_INSTRUCTIONS FOR THE TASK_
I need the lines below from the one with "M様から譲っていただいたタラ" down to the one with "白灵菇洗净撕条,热锅热油煸炒白灵菇。" reproduced exactly, both ends included, and nothing else.

_GIVEN RECORDS_
==================================================

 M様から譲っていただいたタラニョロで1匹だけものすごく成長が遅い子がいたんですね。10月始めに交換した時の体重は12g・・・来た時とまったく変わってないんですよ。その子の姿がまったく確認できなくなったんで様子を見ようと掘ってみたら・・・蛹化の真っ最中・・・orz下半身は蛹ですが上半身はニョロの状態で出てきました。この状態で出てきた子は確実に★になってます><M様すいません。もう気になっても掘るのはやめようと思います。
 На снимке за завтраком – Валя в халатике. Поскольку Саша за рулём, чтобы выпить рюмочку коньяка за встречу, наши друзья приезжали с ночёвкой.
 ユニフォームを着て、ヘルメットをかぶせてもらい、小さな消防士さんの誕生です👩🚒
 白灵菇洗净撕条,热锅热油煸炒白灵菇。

==================================================

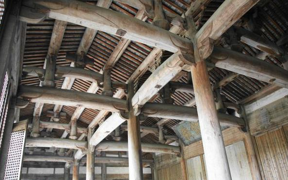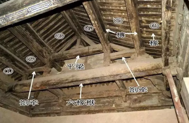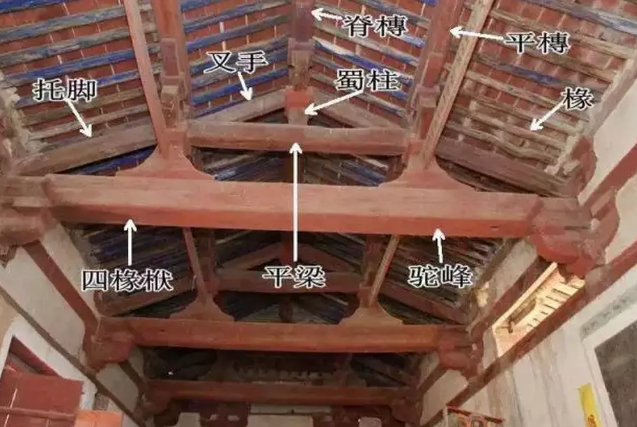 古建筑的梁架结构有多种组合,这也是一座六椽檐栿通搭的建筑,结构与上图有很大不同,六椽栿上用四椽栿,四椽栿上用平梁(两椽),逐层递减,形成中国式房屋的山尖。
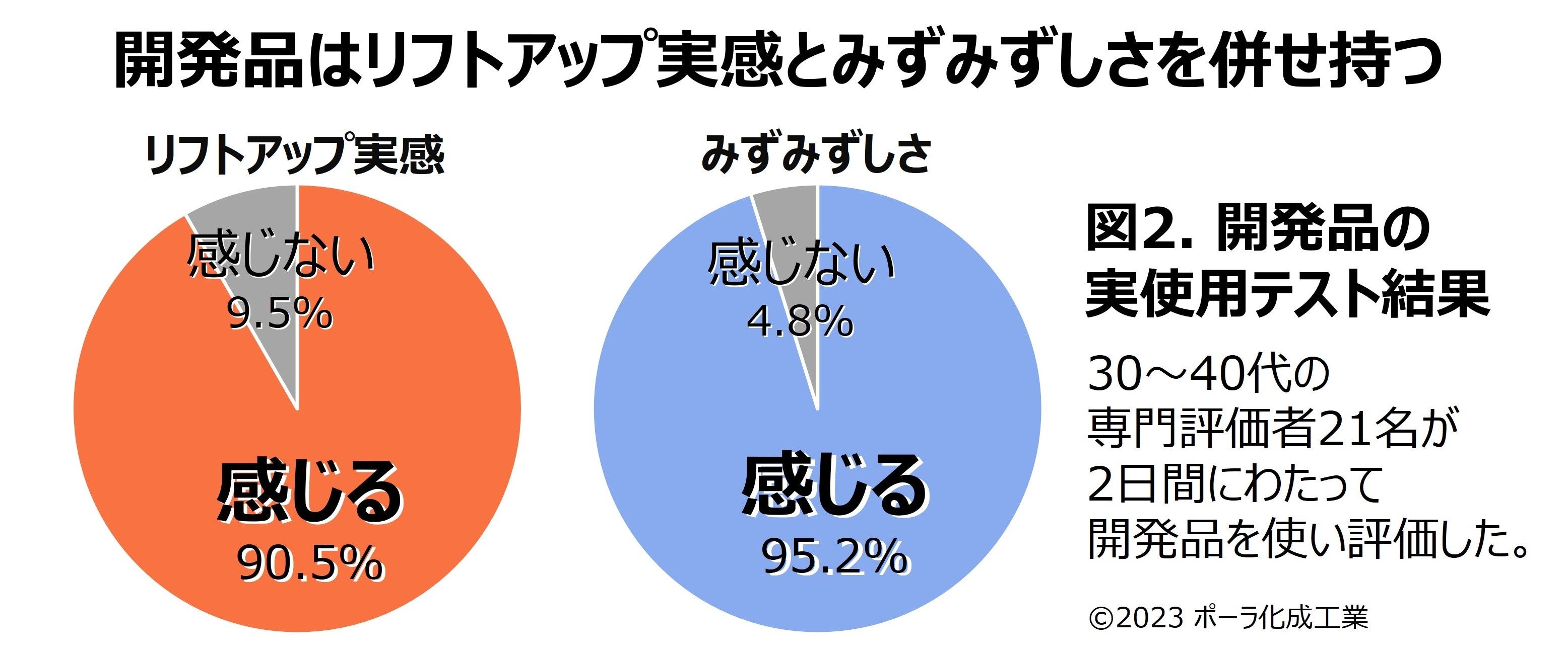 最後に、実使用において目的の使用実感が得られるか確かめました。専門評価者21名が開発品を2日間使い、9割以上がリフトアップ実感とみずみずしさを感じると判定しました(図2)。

==================================================

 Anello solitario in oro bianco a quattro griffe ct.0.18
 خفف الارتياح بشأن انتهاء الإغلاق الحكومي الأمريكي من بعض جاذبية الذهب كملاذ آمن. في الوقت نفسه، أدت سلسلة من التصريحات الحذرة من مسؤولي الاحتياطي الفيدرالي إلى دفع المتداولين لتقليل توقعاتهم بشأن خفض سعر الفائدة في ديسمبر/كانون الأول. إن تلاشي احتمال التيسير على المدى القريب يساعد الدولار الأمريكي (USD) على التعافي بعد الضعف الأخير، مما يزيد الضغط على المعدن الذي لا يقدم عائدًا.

==================================================

_RESULT BELOW_
 M様から譲っていただいたタラニョロで1匹だけものすごく成長が遅い子がいたんですね。10月始めに交換した時の体重は12g・・・来た時とまったく変わってないんですよ。その子の姿がまったく確認できなくなったんで様子を見ようと掘ってみたら・・・蛹化の真っ最中・・・orz下半身は蛹ですが上半身はニョロの状態で出てきました。この状態で出てきた子は確実に★になってます><M様すいません。もう気になっても掘るのはやめようと思います。
 На снимке за завтраком – Валя в халатике. Поскольку Саша за рулём, чтобы выпить рюмочку коньяка за встречу, наши друзья приезжали с ночёвкой.
 ユニフォームを着て、ヘルメットをかぶせてもらい、小さな消防士さんの誕生です👩🚒
 白灵菇洗净撕条,热锅热油煸炒白灵菇。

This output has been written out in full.